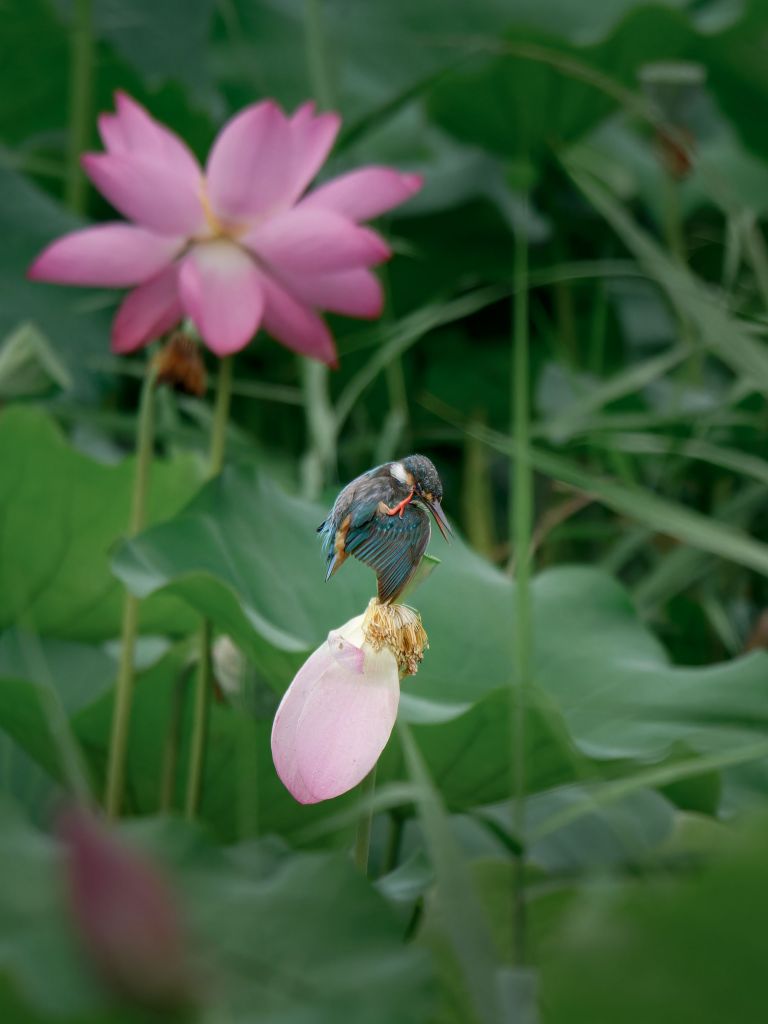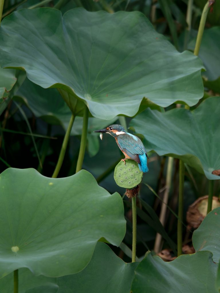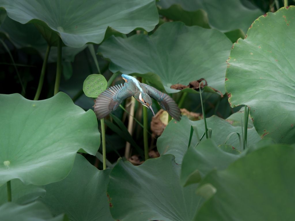比较可惜的是最终回家选片,有几张翠鸟从水面回到荷叶杆上的照片,无论是姿态、场景还是构图都很好,但是没有一张是对上焦的啊,真的很可惜。
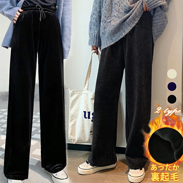 1K 裏起毛極厚 着る毛布 リブ ベロア風 ワイドパンツ 暖か あったか 冬 ボトム リブパンツ おでかけ おうち時間 部屋着 ラクチン 楽ちん バーゲン リラックスパンツ
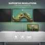 Každý ze tří video výstupů (2x HDMI + 1x DisplayPort) poskytuje kvalitní obraz až do rozlišení 4K/60Hz Ultra HD. Podporovány jsou také vysoké frekvence v oblíbených hráčských rozlišeních 2K/144Hz nebo FullHD/240Hz. I při připojení tří monitorů současně zvládne dokovací stanice zajistit rozlišení až 4K/30Hz na každém z nich. Díky podpoře HDR (vysoce dynamický rozsah) si můžete bez omezení vychutnat výrazně rozšířený rozsah barev a kontrastů. Pro správné fungování video výstupu je nutné, aby USB-C port notebooku podporoval DisplayPort Alternate Mode (DP Alt Mode) nebo Thunderbolt 3/4. Podpora výše uvedených max. podporovaných rozlišení a frekvencí vyžaduje připojení k počítači s DisplayPort verze 1.4.
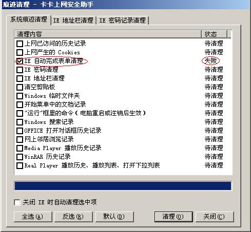 现在就只有 清理自动填表 功能失败,其他的都正常!不知道是什么问题...
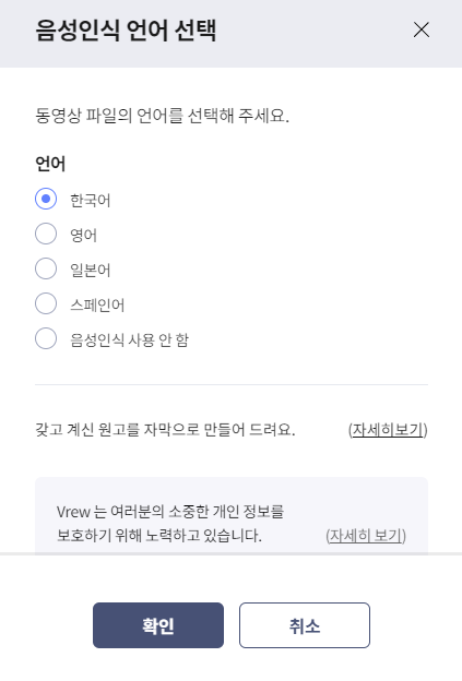 영상 속 자막으로 만들 음성인식 언어를 선택해줍니다.
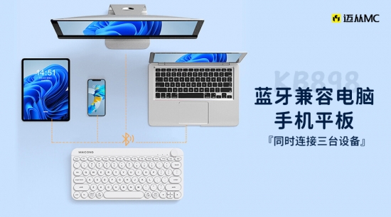 能同时连接三台设备,不仅能连接笔记本和平板电脑,还能连接手机,成为得力的打字小工具,使用快捷键可以在三台设备中自由切换,换一台设备继续灵感创作,脑洞不应该被外设局限住,键盘装备更应该是锦上添花的存在!不管在工作或者是学习的各种生活场景中,迈从希望能带来更多的惊喜和愉悦。

□ □ □ □ □ □ □

Exercise instructions: Only the lines from the line containing "영상 속 자막으로 만들 음성인식 언어를 선택해줍니다." through the last line of the entries above should be reproduced, word for word and without pictures.

Answer section:
 영상 속 자막으로 만들 음성인식 언어를 선택해줍니다.
 能同时连接三台设备,不仅能连接笔记本和平板电脑,还能连接手机,成为得力的打字小工具,使用快捷键可以在三台设备中自由切换,换一台设备继续灵感创作,脑洞不应该被外设局限住,键盘装备更应该是锦上添花的存在!不管在工作或者是学习的各种生活场景中,迈从希望能带来更多的惊喜和愉悦。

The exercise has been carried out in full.